O pesquisador Rafael Leite produziu um relatório este ano sobre os estudos disponíveis sobre o impacto do uso de redes sociais na saúde mental de jovens e adolescentes. Para ele, existem tanto benefícios quanto riscos associados ao uso das redes sociais por jovens adolescentes. Em sua opinião, são necessários mais estudos que acompanhem o uso digital de crianças e adolescentes através do tempo, que ajudem a descobrir se o uso de telas ou a vida digital podem ou não favorecer doenças mentais.
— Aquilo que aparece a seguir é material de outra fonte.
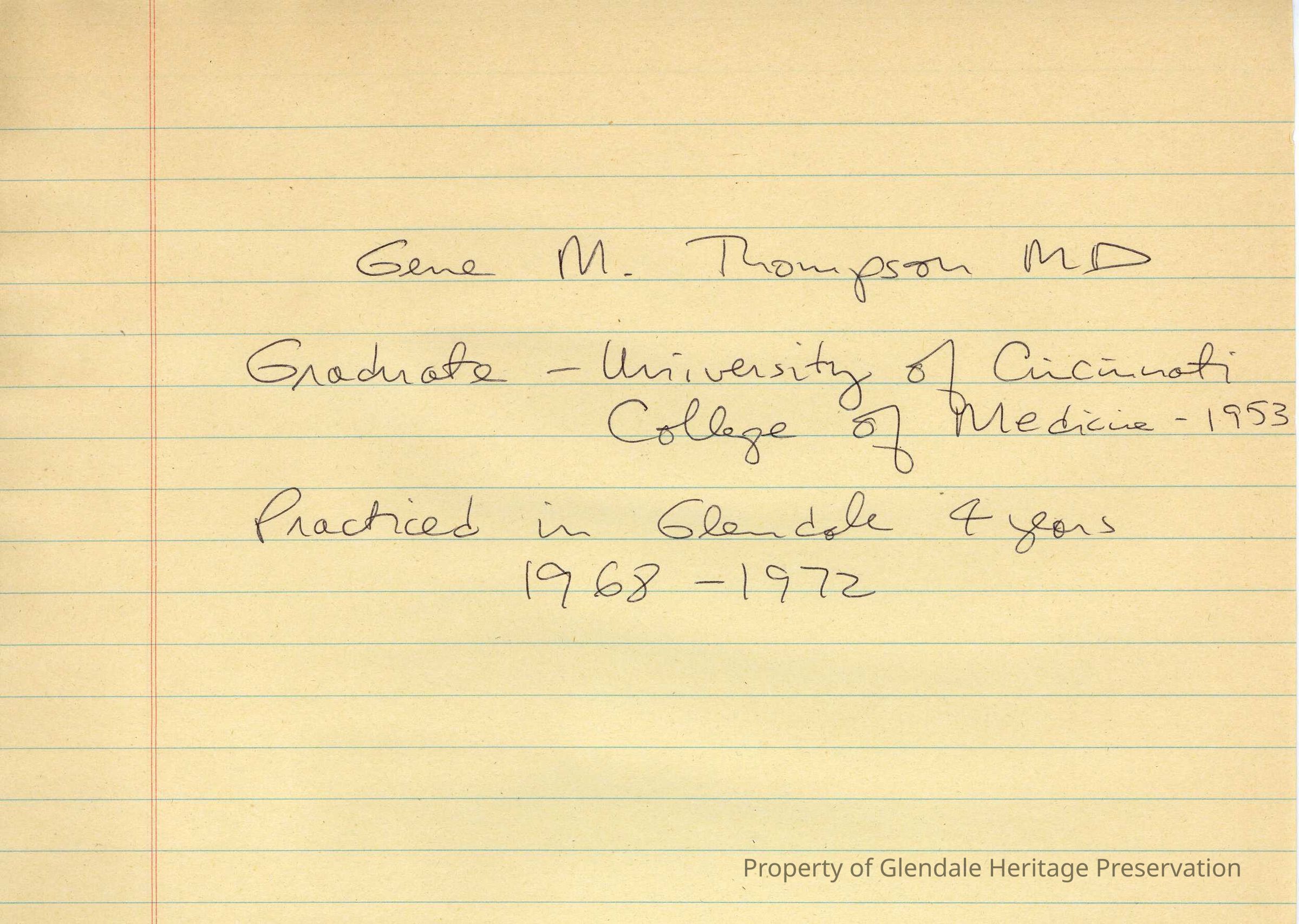 Timeline of Some of the Doctors in Glendale 1934- prepared by Dr. Thomas Todd

“É evidente que existem efeitos negativos e positivos do uso de redes sociais na saúde mental de jovens adolescentes. Alguns estudos apontam efeitos como depressão, ansiedade, mas também existem estudos que apontam para efeitos positivos do uso de redes sociais, especialmente interações positivas por jovens e adolescentes. As definições, as metodologias aplicadas pelos estudos variam muito e é muito difícil estabelecer a causalidade entre o uso de redes sociais e os efeitos deletérios na saúde mental, porque diversos outros fatores afetam a saúde mental dos jovens e adolescentes e é difícil estabelecer uma relação de causalidade em diversos casos”.
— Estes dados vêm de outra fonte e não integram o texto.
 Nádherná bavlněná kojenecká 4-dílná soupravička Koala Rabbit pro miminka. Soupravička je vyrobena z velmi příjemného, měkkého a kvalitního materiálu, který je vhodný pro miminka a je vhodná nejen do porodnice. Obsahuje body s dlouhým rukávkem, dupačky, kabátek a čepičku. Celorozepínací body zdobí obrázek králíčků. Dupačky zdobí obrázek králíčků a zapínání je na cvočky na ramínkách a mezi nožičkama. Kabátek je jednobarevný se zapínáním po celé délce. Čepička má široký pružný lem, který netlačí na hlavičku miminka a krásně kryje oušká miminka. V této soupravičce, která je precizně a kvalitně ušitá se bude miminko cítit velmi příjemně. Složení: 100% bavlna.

Da Autoridade Nacional de Proteção de Dados ( ANPD ), Lucas Borges de Carvalho, chama atenção para o fato de que crianças e adolescentes têm direitos legais amplos em relação à proteção de seus dados, inclusive os digitais. Ele disse que uma das prioridades da ANPD em 2024 está sendo a proteção infantil no ambiente digital, com estudos e consultas públicas e formalização de orientações para tratamento dos dados desse público.
As audiências dos dias 14 e 15 de maio foram conduzidas, respectivamente, pelos senadores Flávio Arns (PSB-PR) e Izalci Lucas (PL-DF), integrantes da CCDD, que é presidida pelo senador Eduardo Gomes (PL-TO). Alessandro Vieira, autor do PL PL 2.628, é igualmente mebro da comissão de Comunicaçãoe Direito digital
Também participaram das reuniões Daniel de Andrade Araújo, da Agência Nacional de Telecomunicações (Anatel); Francisco Brito Cruz, do InternetLab ; Rodrigo Paiva, da Associação Brasileira de Licenciamento de Marcas e Personagens; Carla Rodrigues, coordenadora do Data Privacy Brasil ; Thiago Tavares, presidente da Safernet Brasil ; e Ana Carolina Fortes Iapichini Pescarmona, da Associação Brasileira de Anunciantes. e contribuíram com os debates Alana Rizzo, do YouTube Brasil; Fernando Gallo, do TikTok Brasil; Ana Bárbara Gomes, do Instituto de Referência em Internet e Sociedade ( Iris ); Tais Niffinegger, da Meta (Facebook); Ana Bialer, da Câmara Brasileira da Economia Digital ( camara-e.net ); Juliano Maranhão, do Legal Grounds Institute ; Flávia Annenberg, do Google Brasil; o psicólogo Rodrigo Nejm; e Letícia Maria Costa da Nóbrega Cesarino, do Ministério de Direitos Humanos e Cidadania.